What the ViewPlus technology does is to create image files that can be rendered in tactile form (via a tactile touchpad or printed out with an embossing printer) and also in audio (via text-to-speech technology). At the core of this technology is an image format known as SVG (Scalable Vector Graphics). Unlike bitmapped image formats like TIFF and JPEG, SVG is an XML-based format that provides the images as vector graphics (the core of PostScript and PDF) with text and metadata in XML.

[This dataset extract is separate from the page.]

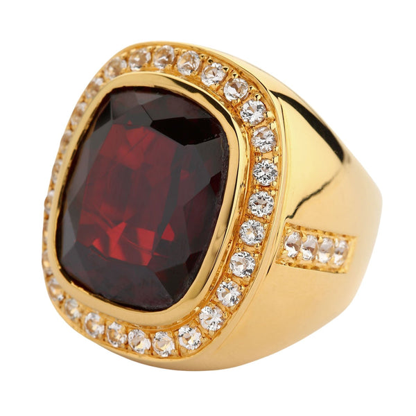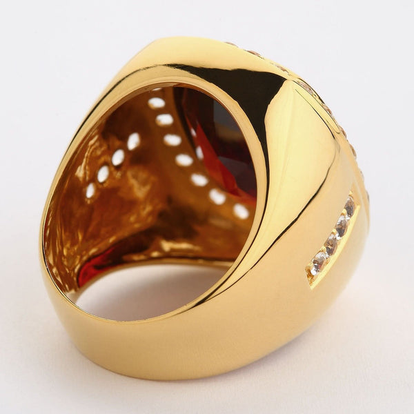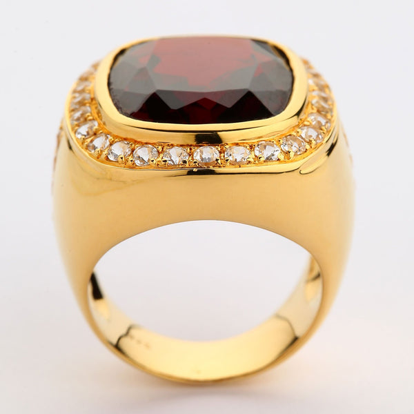 Looking for luxury at an affordable price? Our Huge Yellow Gold Men’s Garnet Ring is capable of providing everything you wish for. If your wishes include a formidable size, impressive weight, and a dazzling sheen on genuine gemstones, you can count on this bauble.
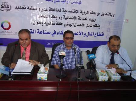 نظم نادي الأعمال اليمني اليوم في عدن بالتعاون مع لجنة الرؤية الاقتصادية لمحافظة عدن ومنظمة تجديد ورابطة المحامين وبيت العدالة ورعاية الأخ المهندس وحيد علي رشيد محافظ محافظة عدن حلقة نقاشية بعنوان قطاع المال والأعمال شركاء في صناعة القرار.

The ViewPlus technology does what Dr. Gardner referred to as the "best possible conversion" from any given image format. When the images are already in vector form (for example, as EPS files within a PostScript or PDF file), it converts them to very accessible SVGs. When dealing with the more common TIFF or JPEG files, the software detects and OCRs the text (including labels within the graphics) and does the best it can with the image file. But having done so, it enables the software—or the user—to infer information about that graphic information. In fact, the next version of the ViewPlus software will enable authoring, so that users can add descriptive information to the SVG file.

The benefits to the print-disabled user are obvious. Dr. Gardner demonstrated how a graph that was otherwise inaccessible to a print-disabled user was made meaningful: He could feel the slopes of the various lines on the graph, and as he did so, the software read labels describing the lines, including the values of datapoints, as he touched them.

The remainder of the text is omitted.